# Carbon soled shoes - Anything to worry about?



## psuambassador (Jun 9, 2005)

I got carbon soled tri shoes. I've never had carbon soled shoes and I read somewhere to becareful about stepping on objects b/c it might crack the carbon. Do I have anything to fear or are these things like tanks? Thanks.


----------



## vonteity (Feb 13, 2005)

psuambassador said:


> I got carbon soled tri shoes. I've never had carbon soled shoes and I read somewhere to becareful about stepping on objects b/c it might crack the carbon. Do I have anything to fear or are these things like tanks? Thanks.


I don't think you have anything to worry about unless you're well over 200 lbs. I weigh 135 and I ran 1/2 a mile to the wheel pit in my carbon-soled shimanos at a race recently. The shoes are fine, but I hurt my feet! With general walking you have nothing to worry about. The bottom of the shoes will get scratched up, but the integrity of the sole will be fine.


----------



## Argentius (Aug 26, 2004)

The thing that I've also heard can be a danger is cracking the soles with mounting metal cleats directly to them -- so warned a mechanic to me when I bought carbon-soled shoes (cheap "Cat 1 galibiers" from PB) before buying speedplays when I was still on SPDs.
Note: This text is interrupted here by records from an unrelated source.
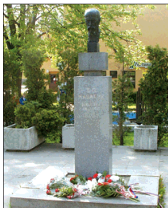
1990: Na náměstí T. G. Masaryka je navrácena busta prvního zakladatele Československého státu.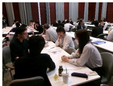
市町村担当者研修の様子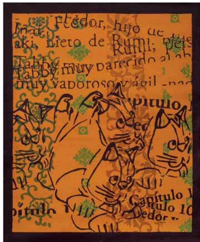
Transformaciones 1 Acrílico sobre tela 87 x 74 cm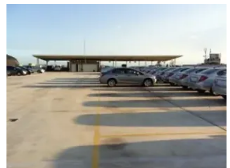
Radcon Formula #7® Anwendung — Parkplatz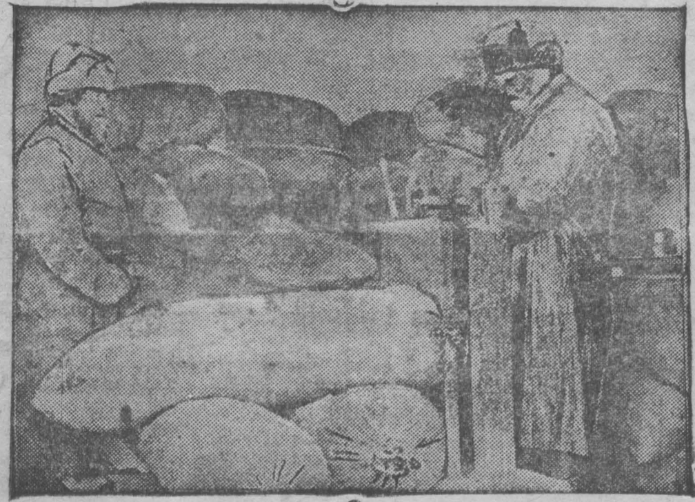
Приемка хлеба на складе Заготзерно. На фото: Колхозник из Мозжухинского сельсовета за сдачей колхозного хлеба.

Имеющиеся в прокуратуре данные говорят за то, что во многих сельсоветах Кемеровского района все еще имеет место проявление прямого саботажа в выполнении плана зернопоставок, особенно со стороны единоличников. Многие сельсоветы до сих пор не ведут решительной, беспощадной борьбы с попытками затормозить выполнение плана хлебосдачи — не привлекают виновных саботажников к ответственности по 61 статье УБ. В таких сельсоветах относятся: Кобылинский, Ягуновский, Мазуровский, Воскресенский, Ст.-Червоенский и др.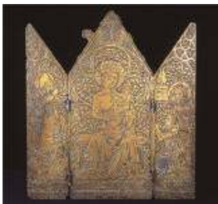
La prima immagine sacra portata sul Rocciamelone: il trittico raffigura la Madonna con il Bambino, San Giorgio che uccide il drago e San Giovanni Battista mentre presenta Bonifacio Roero alla Vergine. Attualmente è custodito nella cattedrale di San Giusto di Susa.

ne del tenente Ferretti, trasportarono la statua, prima con le carrette, poi con l'aiuto dei muli, fino a Ca' d'Asti dove i pezzi rimasero fino al 25 luglio, mentre in vetta venivano eseguiti i lavori di fondazione per il piedistallo.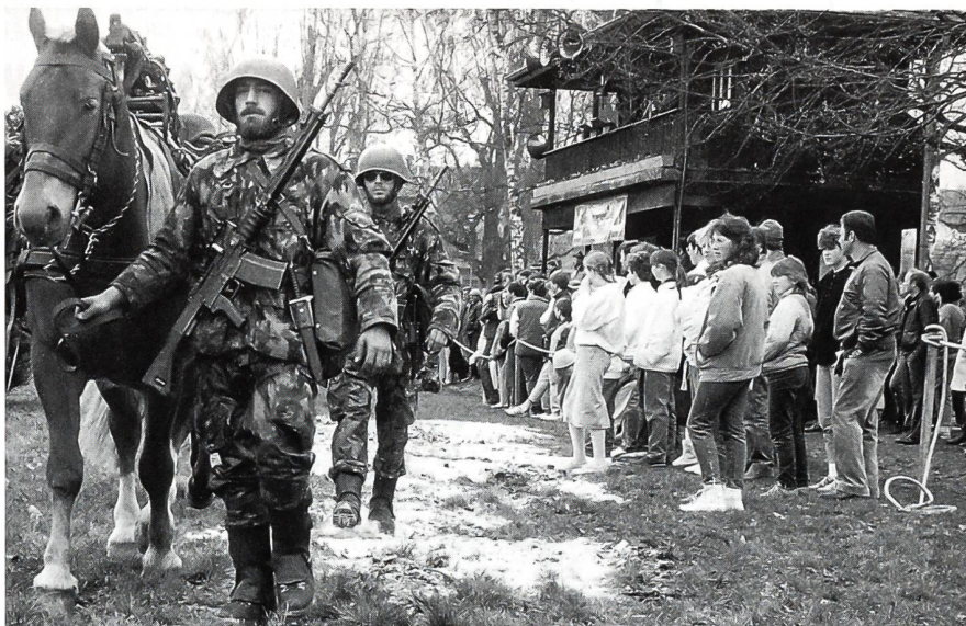
Das NPZB will sich dem Publikum noch vermehrt öffnen.

Als nächstes wird die Genossenschaft mit den zuständigen Bundesstellen die Übernahmemodalitäten über das Grundstück und die Anlagen abschliessend regeln müssen. Zur Sprache werden dabei auch die zu übernehmenden Pferde und das Material kommen. Insbesondere gehe es um die Klärung, was mit den zum Teil wertvollen und einzigartigen Kulturgütern wie Geschirre, Wagen usw. geschehen soll, erklärte der Verwaltungsratspräsident. Zudem würden mit der Bürgergemeinde Bern die Verhandlungen über den ihr gehörenden Springgarten weitergeführt. Ein wichtiger Punkt in den Gesprächen mit dem EMD, so Siegenthaler, würden die Personalfragen betreffen. Heute werden in der EMPFA – bei 90 Etatstellen – noch 76 Leute beschäftigt, eine Zahl, die von der neuen Trägerschaft nicht gehalten werden kann. Aufgrund der heutigen Leistungsaufträge kann mit einem durchschnittlichen Bestand von 155 Pferden gerechnet werden (70 bis 80 Militärpferde, 30 Remonten, 25 Ausbildungsplätze für private Züchter und Ausbildner sowie 20 Pferde für das Reitergymnasium). So rechnet man – bei

I walked over friggin' everything with them and the carbon has been scratched to hell, but no cracking or anything.


----------



## spookyload (Jan 30, 2004)

If you are going to use speedplays, you should get the thin metal shim to go between the cleat and sole. It prevents the pedal body from wearing into the carbon sole. They are less than $10 but will save a lot of wear and tear.


----------